Но всё это у Жуковского вышло гораздо слабее, хотя “Людмила» и нравилась современникам”.
Впрочем, хоть в юности и посещали Жуковского такие мысли, сказать, что он рос в сплошной мистике, было бы неправильно.
Многие произведения Жуковского несколько своеобразны, поскольку на них лежит отпечаток несколько своеобразного детства поэта. Представьте себе такую ситуацию… В доме гости. Сын на правах барина, барского дитя, принимает гостей и сам принят за столом как равный, а мать не может даже показаться в гостиной…
Смерть единственного сына Буниных повысила статус маленького Василия. Дочери уже подросли, и Марья Григорьевна Бунина привязалась к малышу, причём стала относиться к нему как к родному сыну. Ну а то, что он явился плодом любовных похождений мужа, видимо, не очень сильно её тревожило – в ту пору бывало всяко. Иные барыни сквозь пальцы смотрели на этакие вот измены, чисто физиологические, ибо какие уж там могли быть романы любовные. Тем более, женщины зачастую прежде мужей своих теряли интерес к усладам любви. А в данном случае известно, что своего ребёнка Бунины после смерти сына завести уже были не в состоянии, причём по вине именно супруги.
Так что Василий Андреевич был обласкан супругою отца, словно родной сын, а что касается матери, то и сказать трудно, что он знал о своём происхождении в годы младенчества. Марию Гавриловну нельзя назвать его мачехой. Какая мачеха при живой матери? Скорее к ней может подойти определение – вторая мать.
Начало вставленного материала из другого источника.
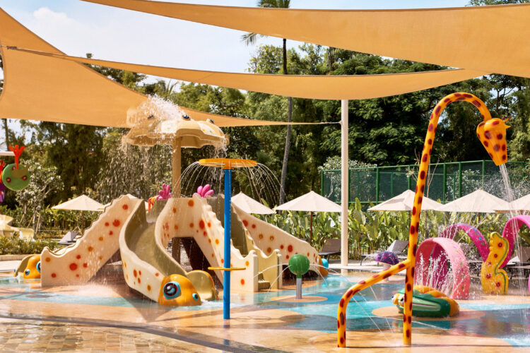 スライダーや水遊び設備を備えたキッズ向けエリア。ご家族で楽しめる設計となっており、お子様連れの滞在をより充実させます。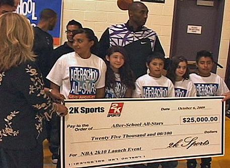 在洛杉磯的一個(gè)叫做《大家都是大明星課后輔導(dǎo)項(xiàng)目》的捐款儀式上,科比主持籃球電子游戲比賽,讓他的湖人隊(duì)同伴以及快艇隊(duì)的兩個(gè)球員戈登和卡曼大戰(zhàn)中學(xué)生,在游戲?qū)购,布萊恩特把一張兩萬(wàn)五千美元的支票,捐給了洛杉磯輔導(dǎo)項(xiàng)目的執(zhí)行長(zhǎng)坎波斯。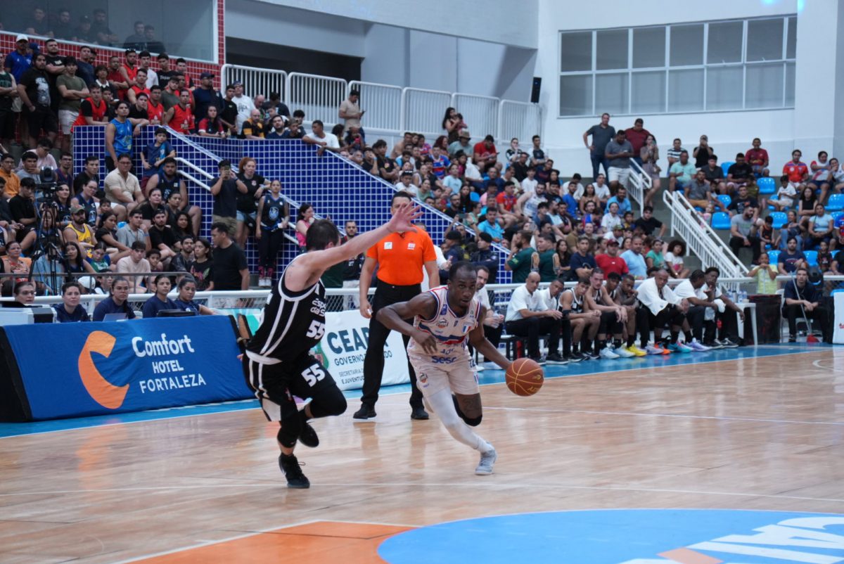Fortaleza Basquete Cearense / CFO pega rebote defensivo.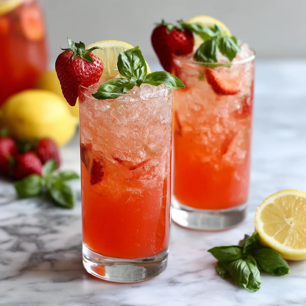 Fresh strawberries and lemons create a bright, fruity base that tastes far better than store-bought lemonade. The basil adds a subtle herbal twist that makes every sip feel gourmet.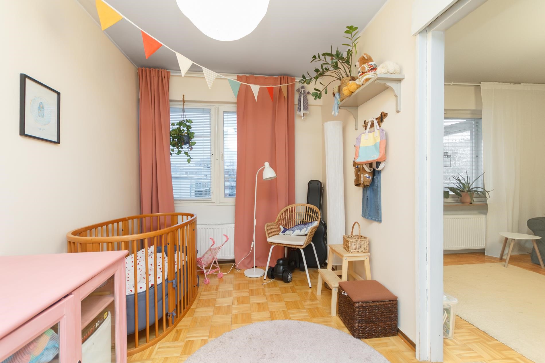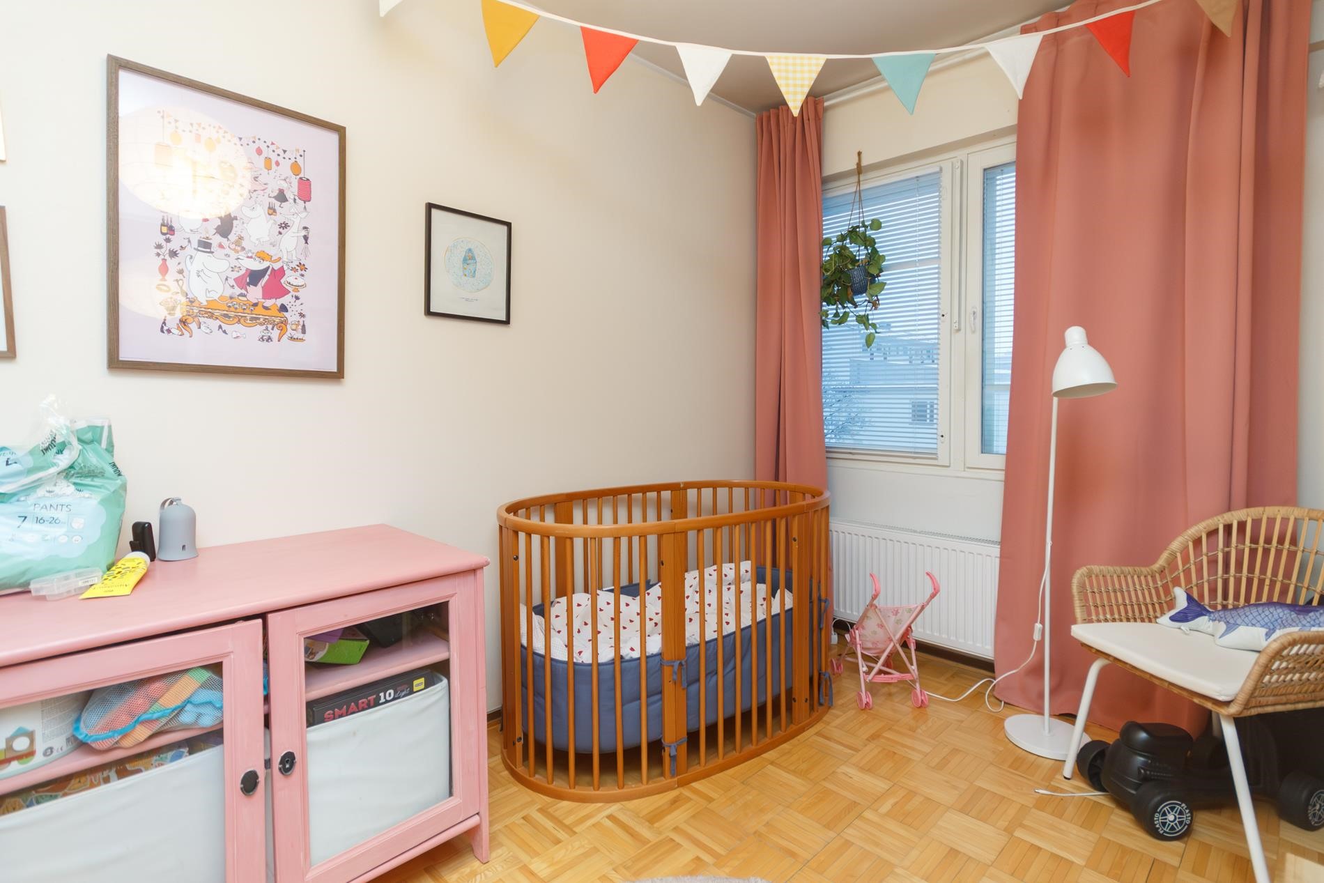 Lattiat: Parketti. Seinät: Tapetoitu/maalattu. Kylpyhuone: Laatoitettu.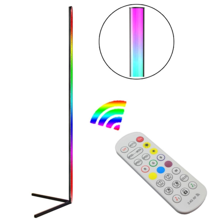 Ta stojąca lampa jest wyposażona w wysokiej jakości diody LED RGB, które zapewniają użytkownikowi doskonałe oświetlenie wnętrza. Lampa ma minimalistyczny design, posiada 3 oddzielne strefy, które można zaprogramować według własnych potrzeb za pomocą pilota. Dzięki zastosowaniu diod LED oświetlenie jest energooszczędne, jednocześnie zachowując wysoką jasność i trwałość. Stabilna konstrukcja na długich nogach jest wykonana z wysokiej jakości, stalowych profili. Lampa ma wbudowany moduł Bluetooth, który umożliwia sterowanie oświetleniem za pomocą dedykowanej aplikacji na smartfonie.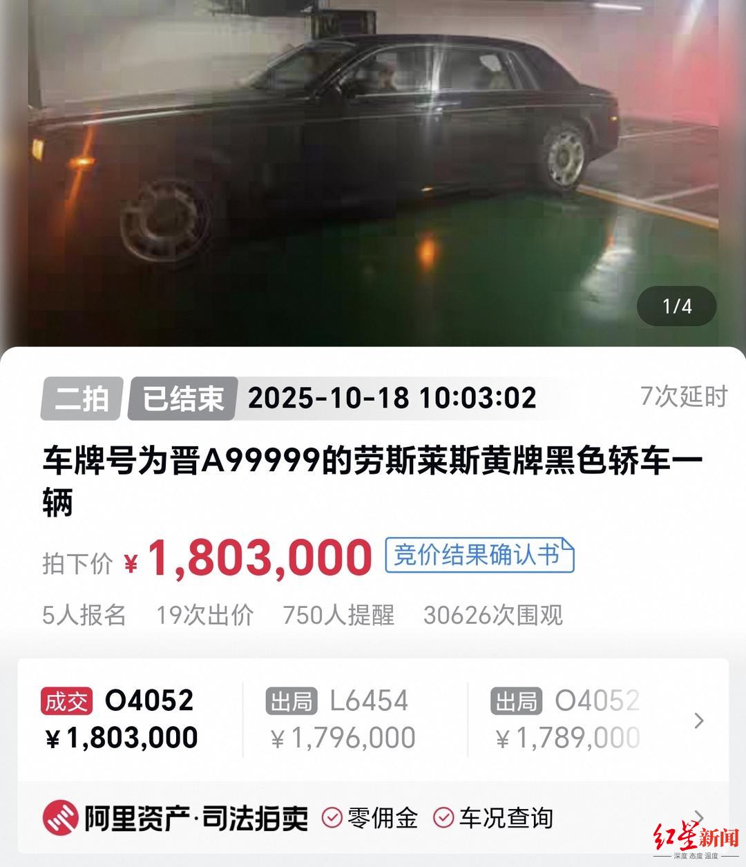 10月17日,山西省阳泉市中级人民法院通过司法拍卖平台拍卖了一辆黄牌黑色劳斯莱斯轿车。 18日拍卖结束,经过19次竞价,劳斯莱斯幻影最终以180.3万元的价格被竞拍者成功拍卖。 ▲ 拍卖平台截图。拍卖平台信息显示,这是一辆2006款劳斯莱斯幻影6.7L加长版EWB自动大型轿车,车牌号金A99999。它用于非操作目的。该车续航里程为7.79万公里。 2009年2月登记,年检有效期至2026年2月,车辆违法状况已处理。据悉,由于该车车长超过6米,驾驶员必须持有A1驾驶执照。该车预估售价为193万元。本次拍卖起拍价为154.4万元,保证金15万元,成交价15万元。大米增加7000元(及其整数倍)。值得注意的是,本次拍卖仅涉及车辆,车牌号不参与拍卖。红星新闻记者注意到,共有5人报名参加标的拍卖,吸引了3万余人次观看。拍卖平台信息显示,10月17日拍卖开始当天,无人竞拍。直到10月18日上午9点17分,距离拍卖结束还不到一个小时,竞拍号“O4052”率先出价。随后,竞拍编号“L6454”也开始竞拍。经过两人多次竞价,竞价编号“O4052”最终以180.3万元的价格成功购买了劳斯莱斯幻影。 ▲ 竞拍成功确认书 随后公布的《网上竞拍成功确认书》显示,10月18日10时03分,姓左的用户以最高出价中标,竞拍编号为“O4052”,拍卖成交售价为180.3万元。红星新闻记者王超主编:熊世华发言请遵守新闻评论服务协议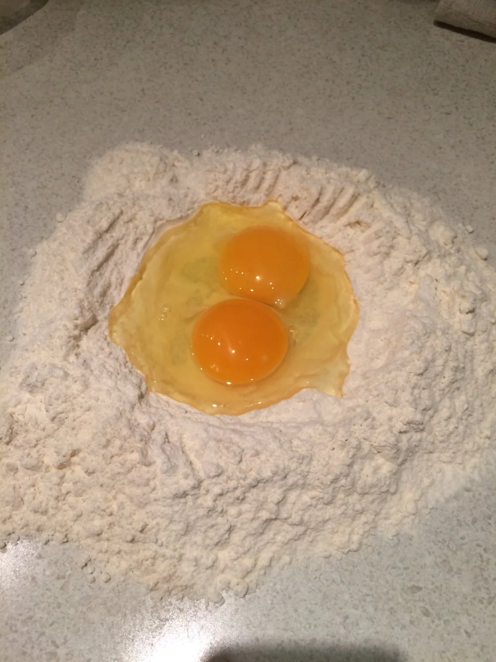 ШАГ 1 муку просеиваем через сито на стол, делаем в муке углубление и разбиваем в это углубление яйца ( на 100гр муки 1 яйцо)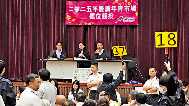 維園年宵攤位昨日競投戰況激烈,快餐攤位D在經過11口價後才成交。各攤檔檔主已開始動腦筋,希望在年宵攤位加入新元素與新產品,吸引客人眼球,推高年宵營業額。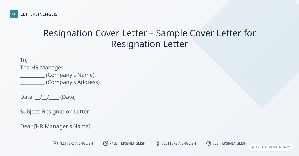 Resignation Cover Letter – Sample Cover Letter for Resignation Letter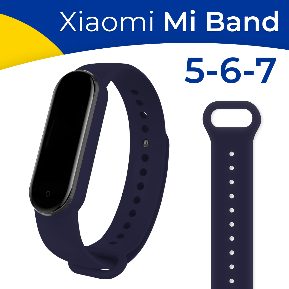 Купить Силиконовый ремешок на фитнес-трекер Xiaomi Mi Band 5, 6 и 7 / Спортивный сменный браслет для смарт часов Сяоми Ми Бэнд 5, 6 и 7 / Синий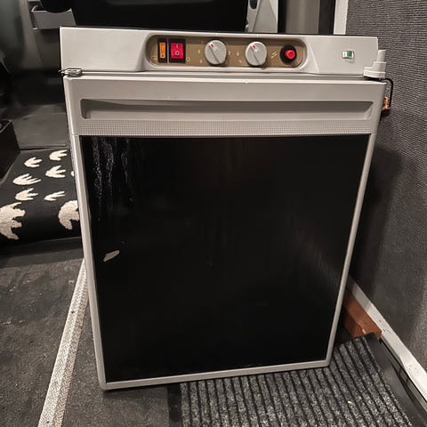 Electrolux kylskåp med klassisk design. Utrustad med justerbara temperaturkontroller och hyllplan i metall. Drivs med 12v, gasol eller 220.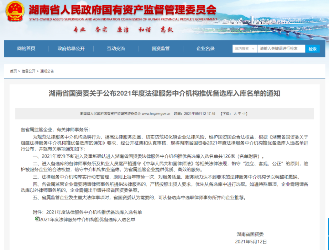 2021年5月12日,為規范法律服務中介機構選聘行為,提高法律服務質量,切實防范和化解企業法律風險,維護國資國企合法權益,湖南省國資委發布了《關于公布2021年度法律服務中介機構推優備選庫入庫名單的通知》。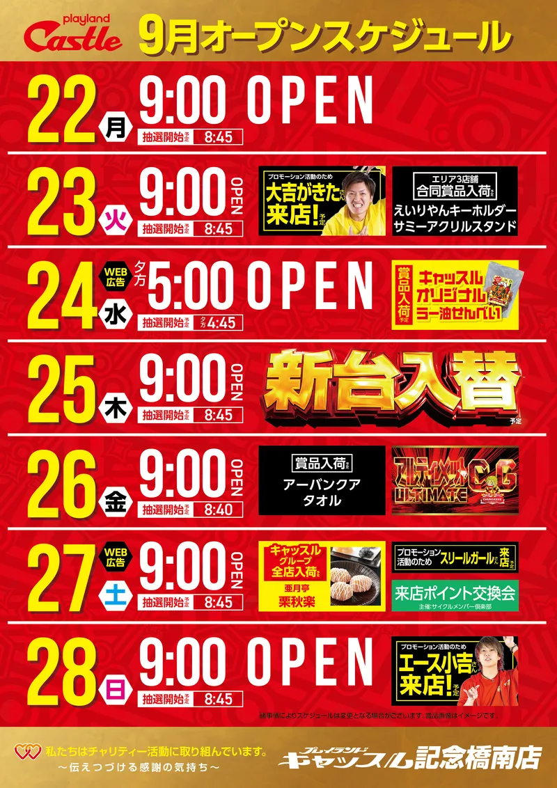 TOP_9/24 18:00 2025 9/24 STORE INTRODUCTION 記念橋南店 NEW MACHINE 新台入替のご案内 9月25日(木)朝9時オープン! 21機種54台 一挙導入 SCHEDULE スケジュール キャッスルグループ全店9月27日土曜日朝9時オープン MENU 今月のメニュー 01 新台入替 これが最新導入機種だぁぁぁ! 02 オススメ機種 これが面白い!当店オススメはコレ! 03 機種ラインナップ 選べる楽しさ!設置機種情報はこちら! 04 ランキング&台データ 月間ランキングや当日データをチェック 05 入場方法 入場抽選時間や開店時間をチェック! 06 来店情報 有名人・インフルエンサー来店はこちら 07 厳選賞品・総付景品案内 厳選賞品や無料配布をGET! 08 販売会・ポイント交換 嬉しい!楽しい!催し物いっぱい 09 基本情報・アクセス Let′s Go! 10 設備・サービス 快適遊空間! 各店舗の最新情報やイメージキャラクター吉沢朱音の情報など盛り沢山でおとどけ! MENU メニュー 01 新台入替 02 オススメ機種 03 機種ラインナップ 04 ランキング&台データ 05 入場案内 06 来店情報 07 厳選賞品・総付景品案内 08 販売会・ポイント交換 09 基本情報・アクセス 10 設備・サービス トップ

Причём, по влиянию на Василия Андреевича, она выходила на первые роли, но не потому, что от этих первых ролей отказывалась родная мать, а просто потому, что у родной матери не было таких возможностей, которые были у Марии Гавриловны Буниной.
В.В. Огарков сделал вывод о том, «что многие элегические ноты поэзии Жуковского обязаны тому факту, что мать его являлась рабыней в доме, ставшем сыну родным».
Ну и уточнил: «И та глубокая потребность ласковых, задушевных отношений, жившая всю жизнь в сердце поэта, – потребность, выражением которой служили его искренние и трогательные стихотворения, – являлась естественным следствием того, что в нежном детском возрасте, когда душа просит материнской ласки, свободные проявления сыновнего чувства были стеснены».
В какой-то мере это связывало Жуковского с Пушкиным, который тоже в детские годы страдал от недостатка родительской любви, правда, уже совсем по другой причине… В судьбе Пушкина сыграло большую роль то, что он был средним ребёнком в семье, а судьба среднего ребёнка именно такова – родители отдают много внимания старшему ребёнку, который вот-вот вылетит из гнезда, отдают много тепла и любви младшему, на том основании, что он младшенький, и обходят и вниманием и теплом ребёнка среднего. Конечно, так случается далеко не всегда и далеко не со всеми, но… случается часто.
Конечно, некоторое время Мария Гавриловна всё же выдерживала характер, и Афанасию Ивановичу даже пришлось перебраться во флигель, где жила его пассия, но постепенно супруга сменила гнев на милость, и покой в семье был восстановлен.
Крёстным отцом, как уже говорилось, был бедный дворянин Андрей Жуковский, а вот крёстной матерью стала старшая дочь помещика Варвара. Сёстры Жуковского были много него старше, а потому он сдружился с их дочерями, особенно с дочерями своей крёстной Варварой Афанасьевной, ставшей по мужу Юшковой.
В.В. Огарков указал:
«Маленький Васенька сделался любимцем семьи: его окружили целым штатом прислуги, он стал “господское дитя”, в силу уже этого отгороженное стеною даже от своей матери, которая только урывками могла дарить ему свои ласки».
Тема семейных драм, любовных драм всегда сопровождала творчество Жуковского, да и не только творчество, но и его личную жизнь.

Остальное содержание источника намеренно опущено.